- **TASK DIRECTIONS**
Don't include any picture when you restate the data word for word.

- **DATASET SECTION**
※ ※ ※

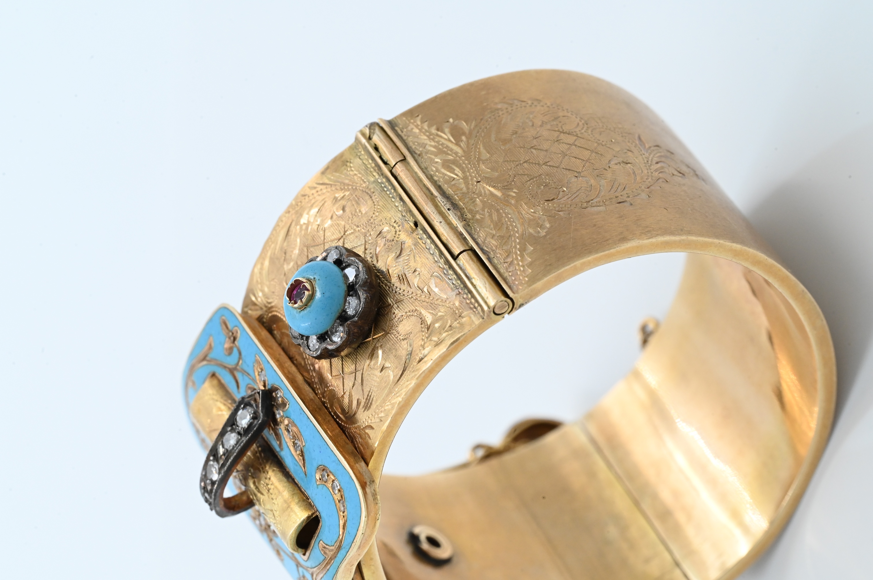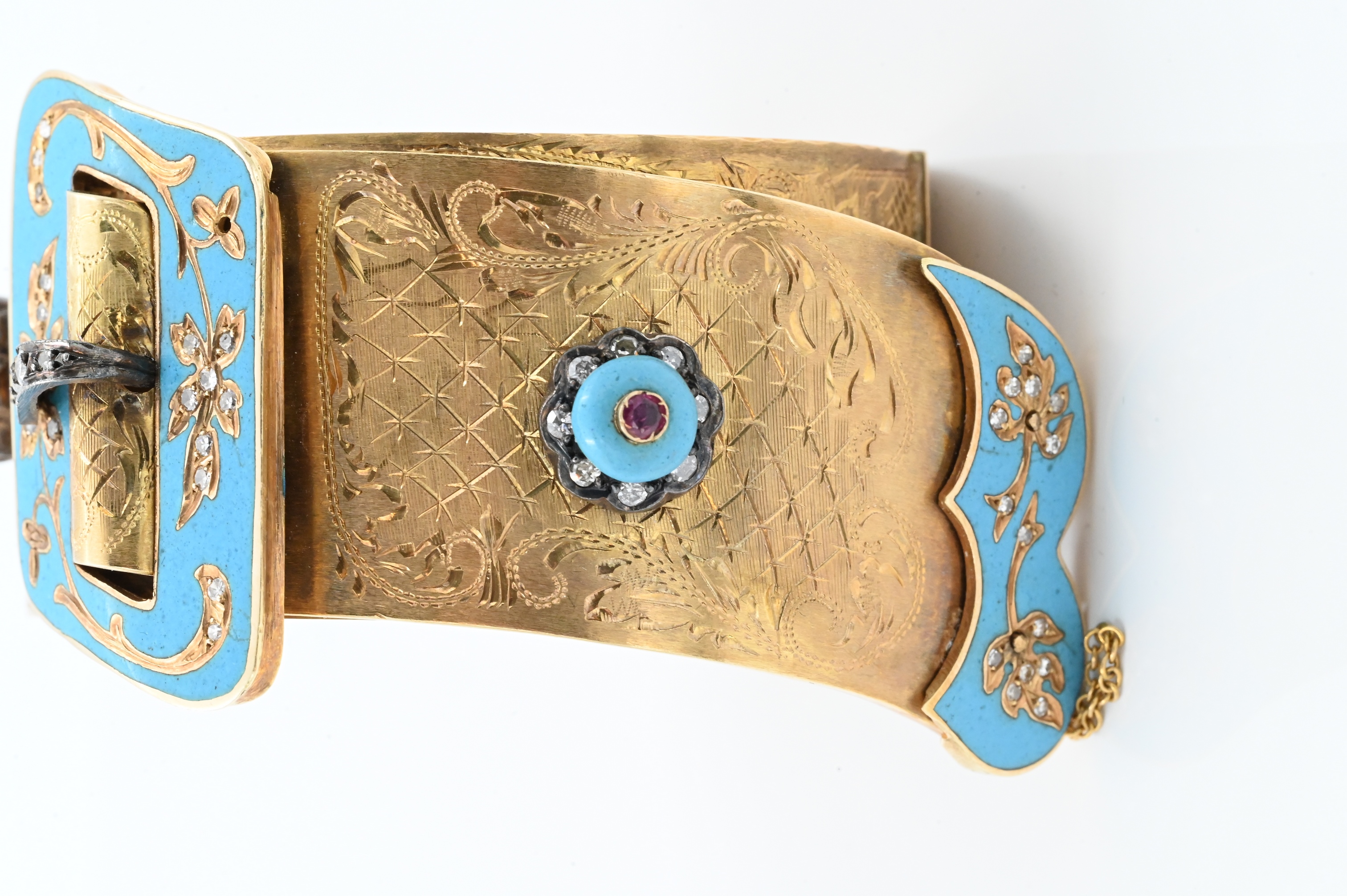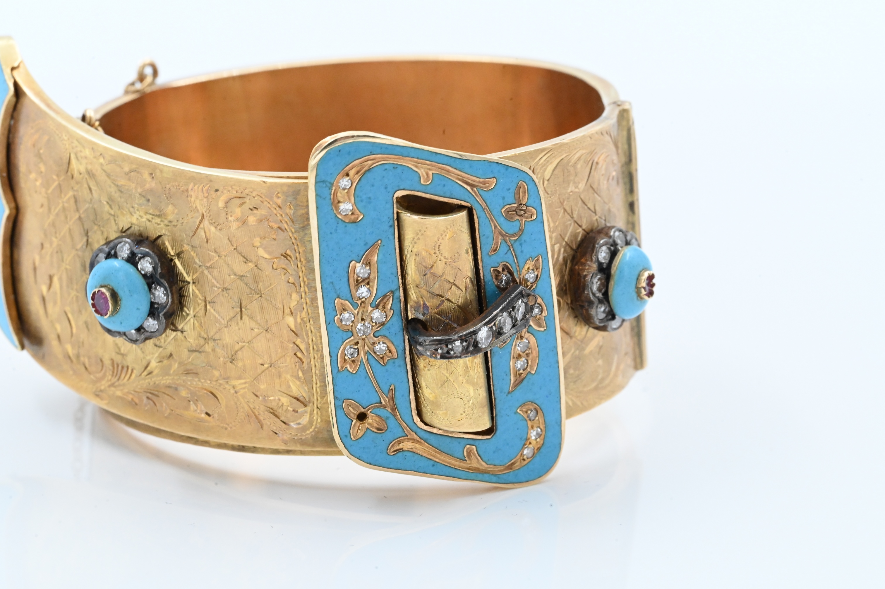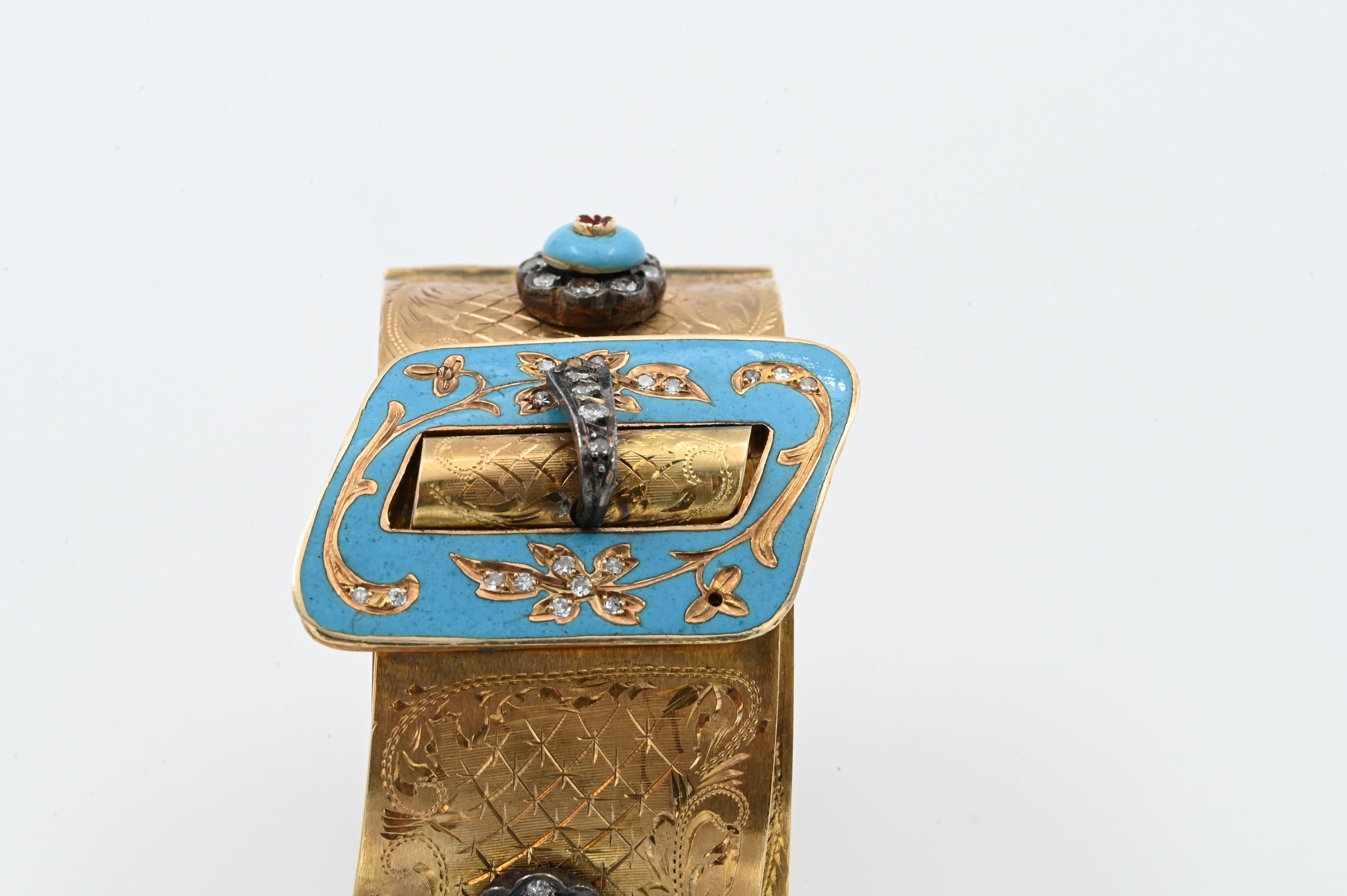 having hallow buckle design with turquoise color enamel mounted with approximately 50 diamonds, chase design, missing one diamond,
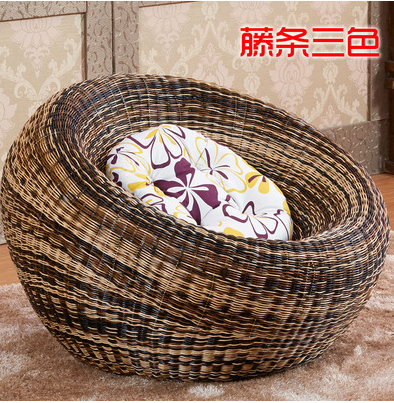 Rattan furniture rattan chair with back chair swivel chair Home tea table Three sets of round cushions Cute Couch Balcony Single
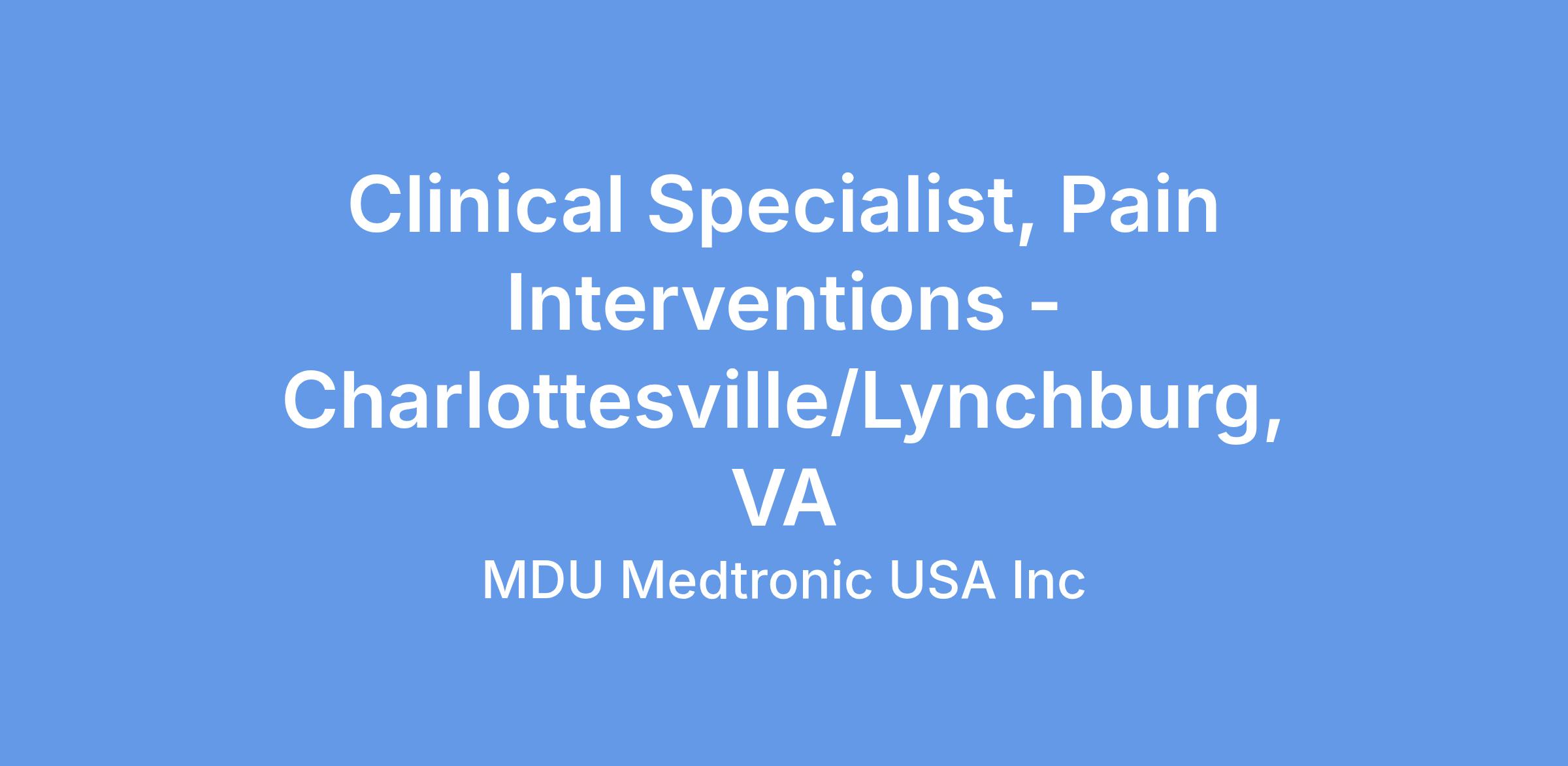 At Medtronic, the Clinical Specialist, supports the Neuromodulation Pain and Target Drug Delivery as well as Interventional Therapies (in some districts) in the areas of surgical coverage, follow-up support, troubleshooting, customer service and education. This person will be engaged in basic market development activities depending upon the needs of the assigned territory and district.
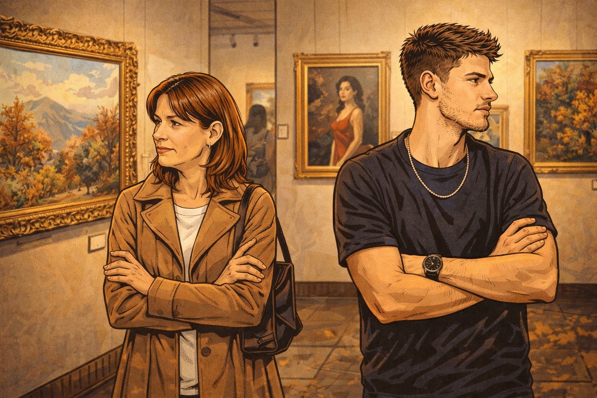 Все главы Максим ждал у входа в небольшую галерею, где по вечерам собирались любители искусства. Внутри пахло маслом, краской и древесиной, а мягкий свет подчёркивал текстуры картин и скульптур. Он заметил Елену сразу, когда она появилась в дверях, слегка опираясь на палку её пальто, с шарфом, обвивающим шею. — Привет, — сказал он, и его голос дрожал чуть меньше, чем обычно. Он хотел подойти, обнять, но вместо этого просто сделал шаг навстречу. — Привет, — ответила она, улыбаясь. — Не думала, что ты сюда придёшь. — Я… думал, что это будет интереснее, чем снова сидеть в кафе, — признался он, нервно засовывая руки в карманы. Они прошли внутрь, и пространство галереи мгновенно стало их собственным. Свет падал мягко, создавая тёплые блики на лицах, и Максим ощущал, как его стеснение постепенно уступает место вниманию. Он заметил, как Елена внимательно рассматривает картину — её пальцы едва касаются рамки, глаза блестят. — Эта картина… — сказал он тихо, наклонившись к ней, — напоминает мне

※ ※ ※

- **OUTPUT**
 having hallow buckle design with turquoise color enamel mounted with approximately 50 diamonds, chase design, missing one diamond,
 Rattan furniture rattan chair with back chair swivel chair Home tea table Three sets of round cushions Cute Couch Balcony Single
 At Medtronic, the Clinical Specialist, supports the Neuromodulation Pain and Target Drug Delivery as well as Interventional Therapies (in some districts) in the areas of surgical coverage, follow-up support, troubleshooting, customer service and education. This person will be engaged in basic market development activities depending upon the needs of the assigned territory and district.
 Все главы Максим ждал у входа в небольшую галерею, где по вечерам собирались любители искусства. Внутри пахло маслом, краской и древесиной, а мягкий свет подчёркивал текстуры картин и скульптур. Он заметил Елену сразу, когда она появилась в дверях, слегка опираясь на палку её пальто, с шарфом, обвивающим шею. — Привет, — сказал он, и его голос дрожал чуть меньше, чем обычно. Он хотел подойти, обнять, но вместо этого просто сделал шаг навстречу. — Привет, — ответила она, улыбаясь. — Не думала, что ты сюда придёшь. — Я… думал, что это будет интереснее, чем снова сидеть в кафе, — признался он, нервно засовывая руки в карманы. Они прошли внутрь, и пространство галереи мгновенно стало их собственным. Свет падал мягко, создавая тёплые блики на лицах, и Максим ощущал, как его стеснение постепенно уступает место вниманию. Он заметил, как Елена внимательно рассматривает картину — её пальцы едва касаются рамки, глаза блестят. — Эта картина… — сказал он тихо, наклонившись к ней, — напоминает мне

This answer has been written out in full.